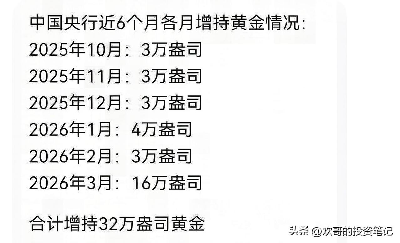 现在的紫金矿业,按2026年测算的业绩算,PE只有10到11倍。 估值低得令人发指。 市场好像彻底忽略了它未来的产量增长预期。 但产量增长能带来的业绩双位数增速,有个大前提——金属价格不能跌。 现在的核心矛盾,是市场还没完全打消对美联储加息的疑虑。 真要是落地加息,有色金属价格下行,合理估值就得全部重算。 这就是紫金股价一直踌躇不前的根源。 LME铜、COMEX铜,过去一个月累计跌了3.3%到3.9%。 2026年开年,它们从1月的历史高点大幅回调,现在仍处在高位震荡区间。 哪怕跌了这么久,同比去年还是大涨了36%左右。 全球铜矿供应紧张,是人力扭转不了的定局。 就像你日渐后移的发际线,非战之罪。 短期的回调,无非是需求预期来回摇摆,美元走势捣乱,部分库存去化慢了半拍。 仅此而已。 当前的铜价,处在高位回调后的相对低位震荡,对紫金矿业的基本面依然有足够支撑。 股价也如预期跌破了34块。 4月的铜市,整体还是库存下行、价格震荡的格局。 另一边,央行已经连续17个月增持黄金。 最新黄金储量涨到7438万盎司,前值是7422万盎司。 黄金储备价值3427亿美元,前值3876亿美元。 截至3月底,外汇储备3.3421万亿美元,前值3.4278万亿美元。 按1000元/克估算,央行3月单月增持的黄金,规模大概在50亿人民币。 很多人拿着磨人的紫金,满肚子怨气。 其实惩罚它最好的方式,就是保持情绪稳定。 稳住心态。 每支股票,都有一段难熬的低迷期。 你越是情绪稳,投资就越稳当。 我手里的紫金矿业,继续持仓,待涨。
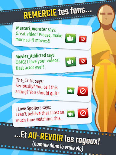 LUMIÈRE ! CAMÉRA ! ACTION ! Si tu rêves de devenir UNE STAR, VOICI TA CHANCE ! As-tu le talent pour conquérire HOLLYWOOD et grimper jusqu’au SOMMET ? Sois la star de tes propres films : des thrillers aux plus DRÔLES des comédies, des films romantiques aux westerns les plus AUDACIEUX… Montre de quoi tu es capable en tant que RÉALISATEUR, PRODUCTEUR ET ACTEUR de tes films ! Tu veux avoir ta propre ÉTOILE sur le MUR DE LA GOIRE ? Tu veux gagner un Leonardo diPrize UNIQUE ? Devenir MILLIARDAIRE ? Avoir des tonnes de FANS ? Qu’est-ce que tu attends ? Clique et commence à gérer la plus grande carrière qu’Hollywood a jamais vu : LA TIENNE ! GAMEPLAY • Choisis le genre de film que tu veux faire : de la fantasy, de la science-fiction, des films pour enfants, de l’action, de l’horreur, des super-héros et même du space opera ! Il n’y a PAS DE LIMITE ! Libère ta créativité pour gagner l’adhésion du public ! • Clique et enregistre tes films ! • Reçois les avis des critiques • Améliore ton studio et ta maison • Engage des employés • SOIS CÉLÈBRE CE QUI T’ATTEND • Améliore ton équipement pour impressionner les critiques : une meilleure caméra, de meilleurs décors, de meilleurs micros, et bien plus encore • Fais attention à ton équipe : une vraie STAR a besoin du meilleur réalisateur et des meilleurs techniciens ! • Distrais ton public et gagne de l’argent ! • I Améliore la qualité de tes films et gagne plus d’argent ! Le TAPIS ROUGE t’attend ! Tu vas devenir une vraie STAR ! Veuillez noter! Ce jeu se joue gratuitement mais contient certains articles pouvant être achetés avec de l\argent réel. Certaines fonctionnalités et suppléments mentionnés dans la description peuvent devoir être achetés avec de l\argent réel.
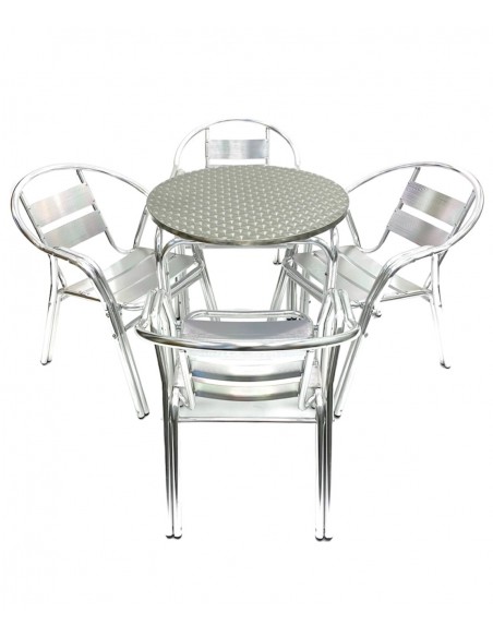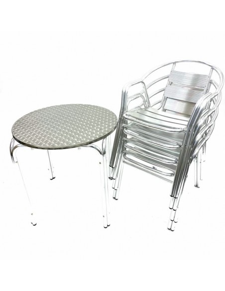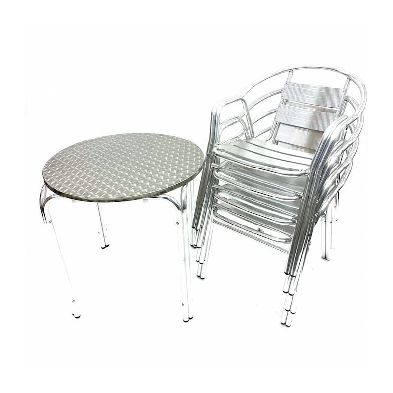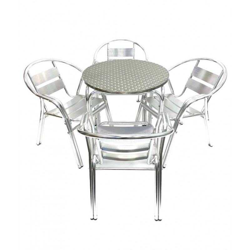 Our premium quality Aluminium Garden Set comprising of one 70cm round aluminium bistro table and four of the premium double tube aluminium chairs.
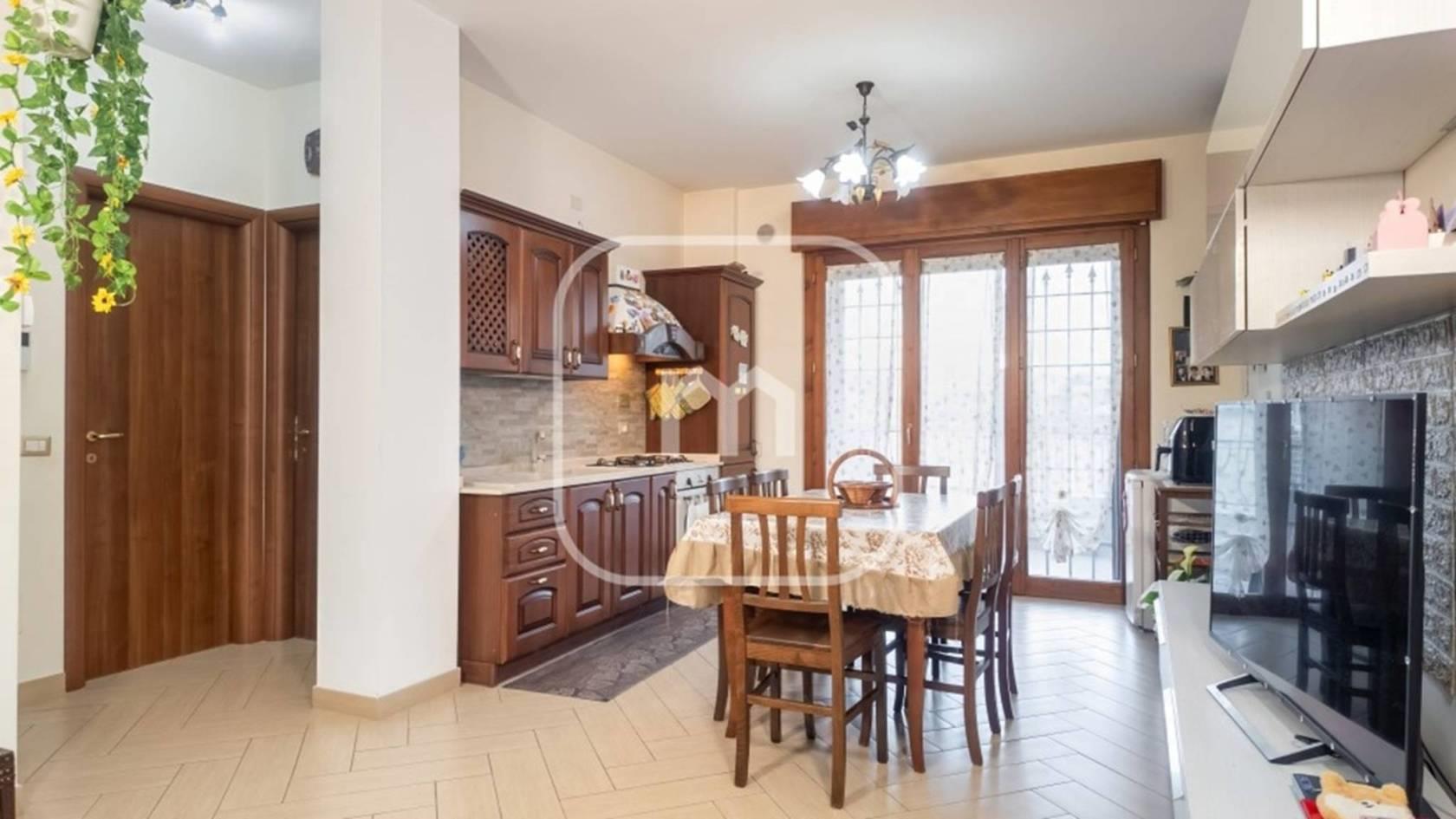 Zona Giorno: Luminoso salone con angolo cottura e accesso diretto al terrazzo abitabile, ideale per momenti di relax all'aperto.
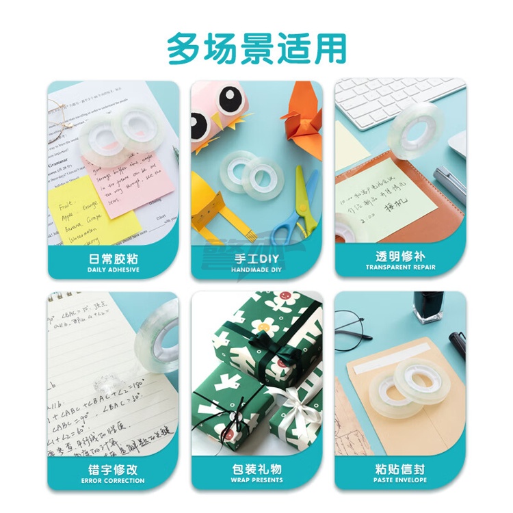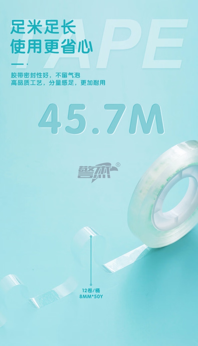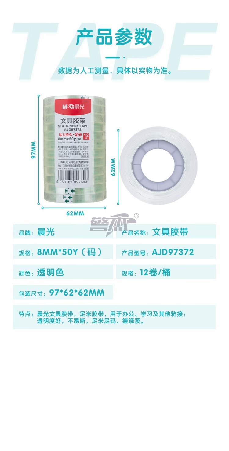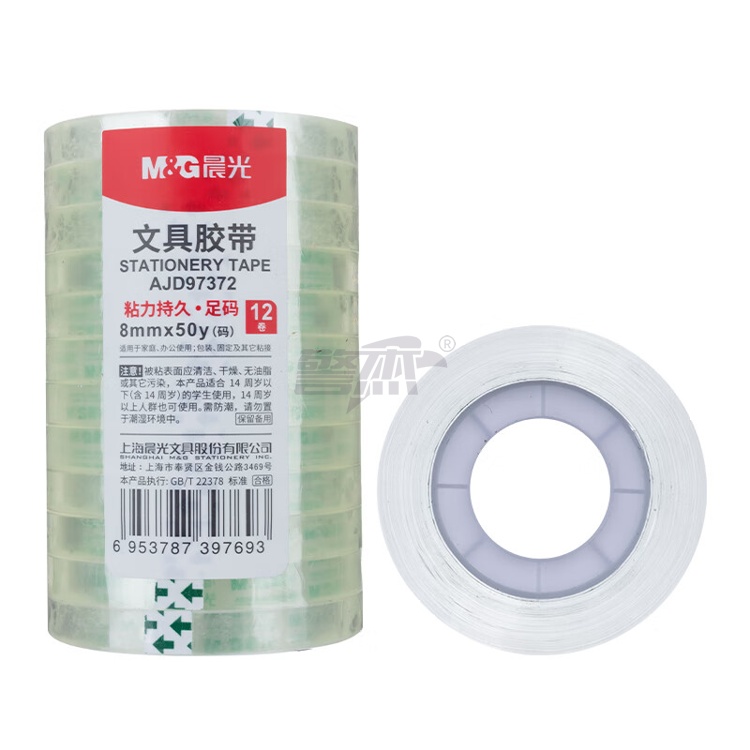 产品名称 : 晨光(M&G)文具透明胶带 高透易撕小胶带 学生手工胶布8mm*50y(45.7m/卷) 12卷装AJD97372
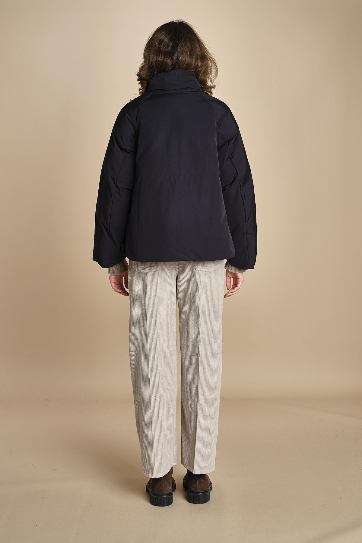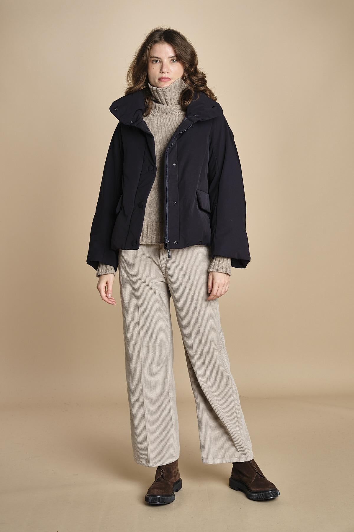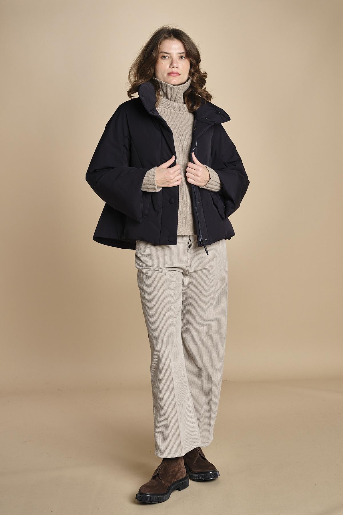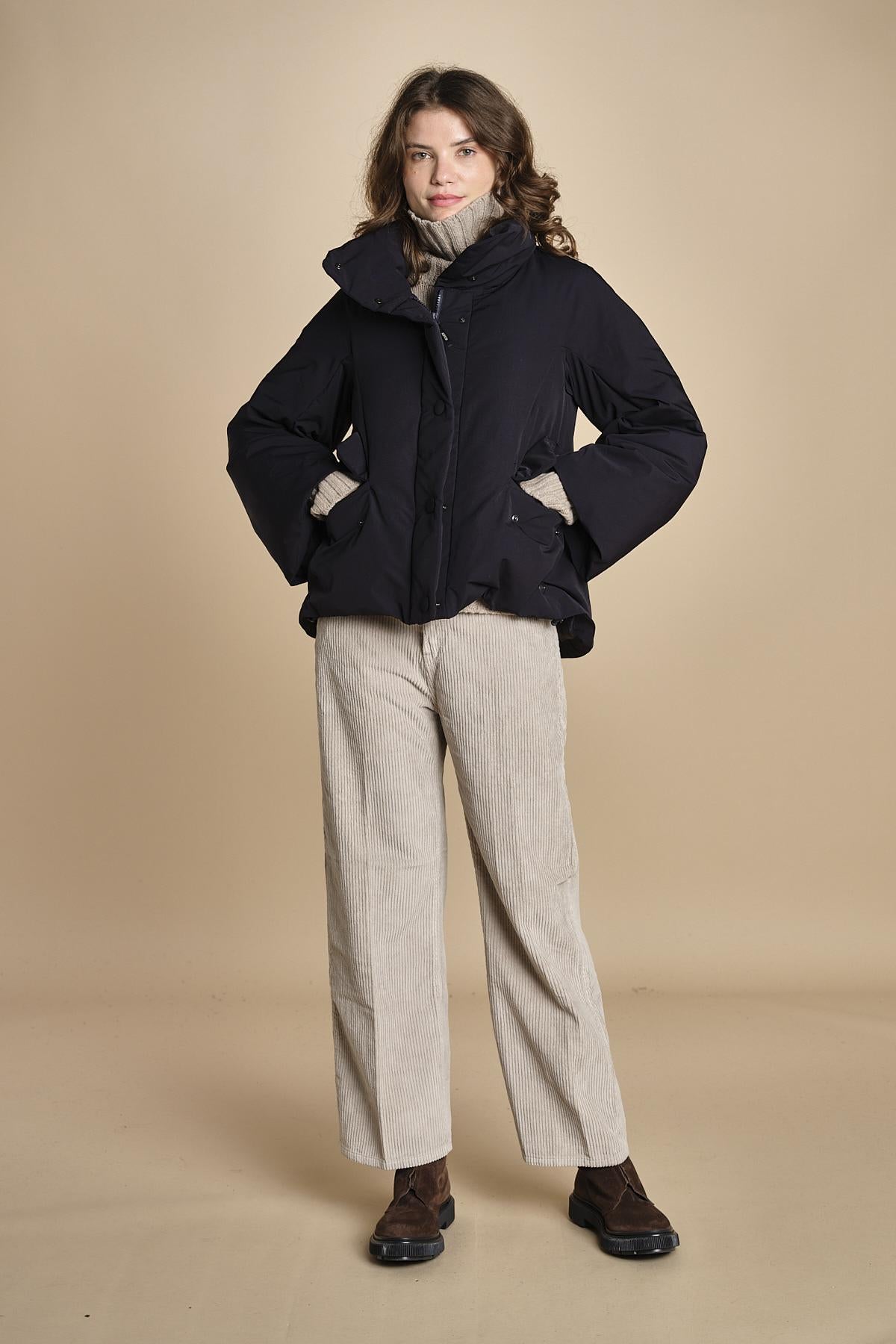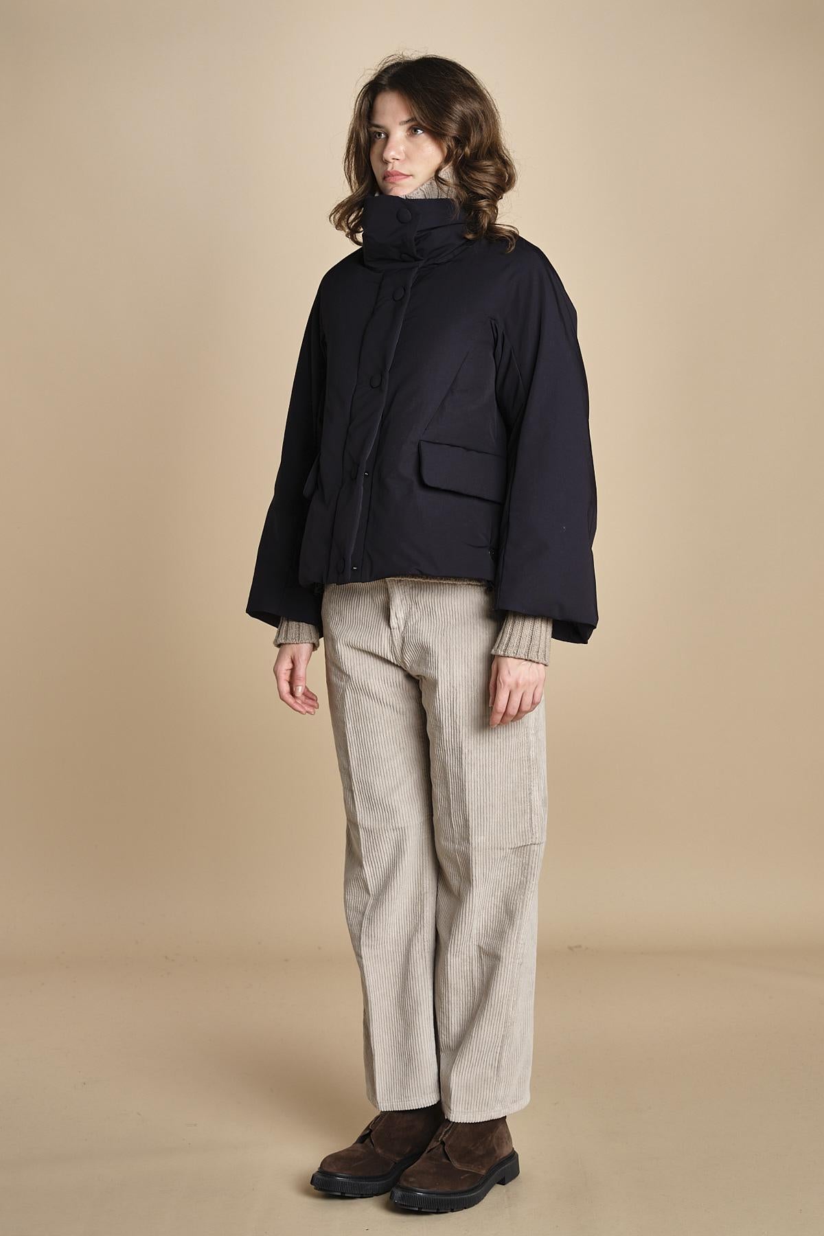 piumino con bottone ricoperto e manica a campana. La modella è alta 176 cm e indossa una taglia S. 53% COTONE 47% POLIESTERE
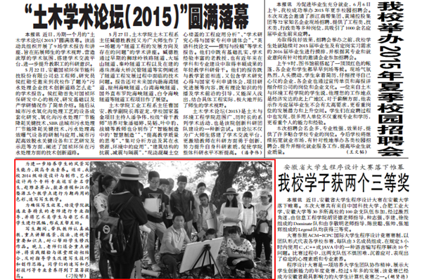 教师代玲玲、学生记者金典撰写的稿件《beat365网登“创客梦工厂”正式开班》获消息类二等奖,该文刊载于《beat365在线体育官网登录入口》报2015年第203期二版;学生记者金典撰写的稿件《这是我的黄金时代》(指导教师:王友雅)获通讯类二等奖,该文刊载于《beat365在线体育官网登录入口》报第204期二版;学生记者程丹的摄影作品《青春,无与“轮”比》(指导教师:代玲玲)获新闻摄影类二等奖,该图刊载于《beat365在线体育官网登录入口》报第202期二版;教师刁俊琴的摄影作品《皖南写生,用画笔点亮学生的未来》获新闻摄影类三等奖,该图刊载于《beat365在线体育官网登录入口》报第197期二版。
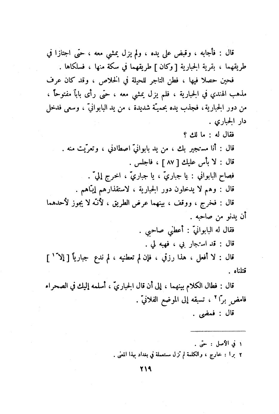 قال: فطال الكلام بينهما، إلى أن قال الجباريّ، أسلمه إليك في الصحراء فامض برّا «2» ، تسبقه إلى الموضع الفلانيّ.
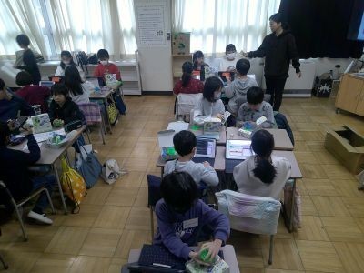 磁石の実験キットを使い、自分で自由に試行錯誤してみて気付いたこと、発見したことをまとめる・・・。3年生の理科の活動です。引き寄せ合ったり反発したりする力をもとに、不思議な動きを見つけていました。
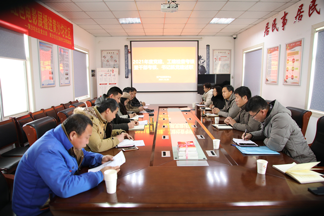 12月27日-31日,公司黨委副書記、工會主席梁永率考核組一行先后深入機關以及各基層單位,扎實開展2021年支部書記抓黨建工作述職、干部述職測評以及黨建、工建檢查測評四項考核工作,機關以及所在基層單位全體管理人員、職工代表參加了會議。
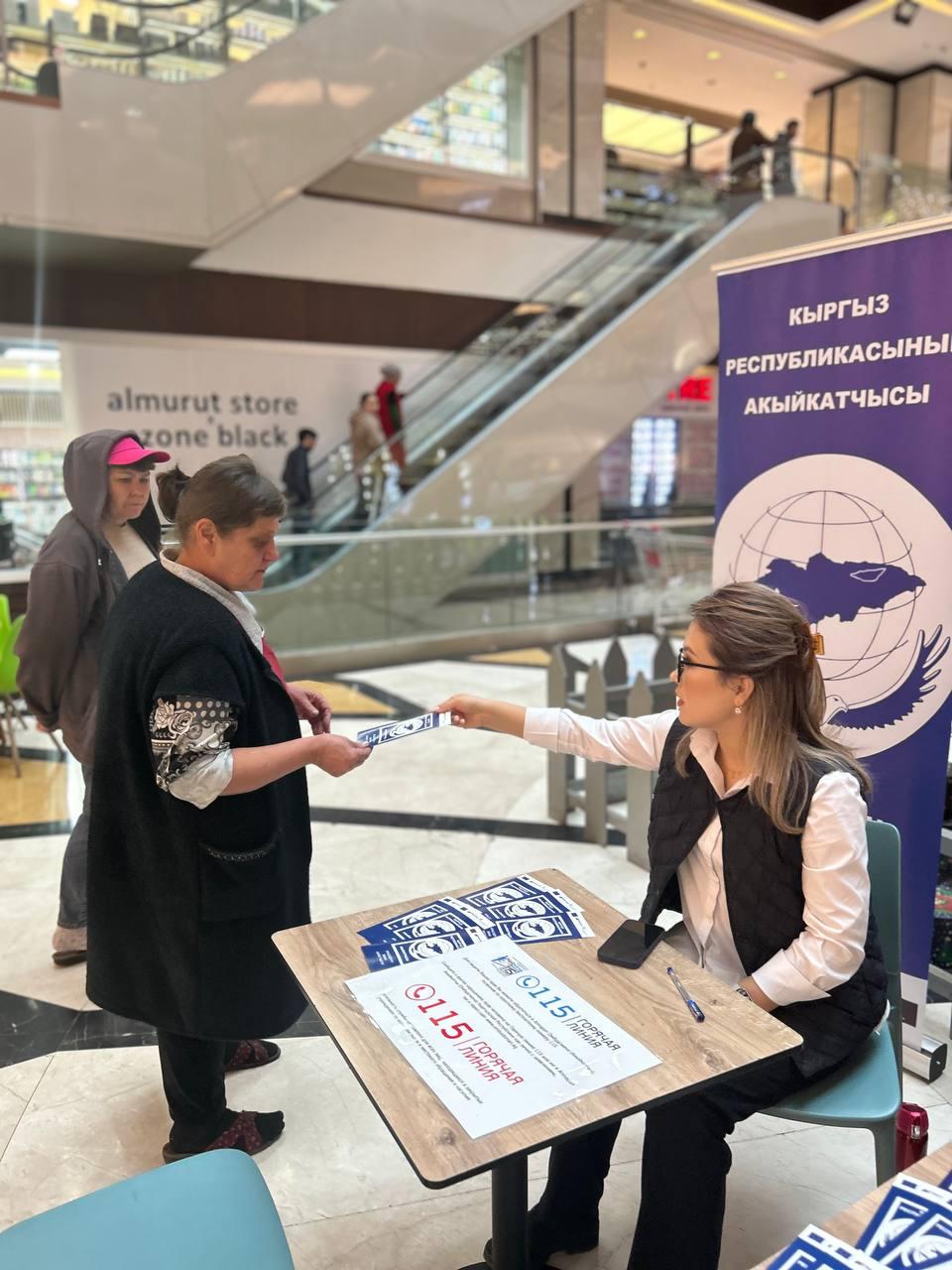 В Бишкеке в торговых центрах сотрудники Института Акыйкатчы (Омбудсмена) КР проводят правовые консультации для граждан КР.

What the task asks:
Would you output only the span of the records above that opens with the line containing "教师代玲玲、学生记者金典撰写" and closes with the line containing "قال: فطال الكلام", ends included and pictures dropped?

Solved problem:
 教师代玲玲、学生记者金典撰写的稿件《beat365网登“创客梦工厂”正式开班》获消息类二等奖,该文刊载于《beat365在线体育官网登录入口》报2015年第203期二版;学生记者金典撰写的稿件《这是我的黄金时代》(指导教师:王友雅)获通讯类二等奖,该文刊载于《beat365在线体育官网登录入口》报第204期二版;学生记者程丹的摄影作品《青春,无与“轮”比》(指导教师:代玲玲)获新闻摄影类二等奖,该图刊载于《beat365在线体育官网登录入口》报第202期二版;教师刁俊琴的摄影作品《皖南写生,用画笔点亮学生的未来》获新闻摄影类三等奖,该图刊载于《beat365在线体育官网登录入口》报第197期二版。
 قال: فطال الكلام بينهما، إلى أن قال الجباريّ، أسلمه إليك في الصحراء فامض برّا «2» ، تسبقه إلى الموضع الفلانيّ.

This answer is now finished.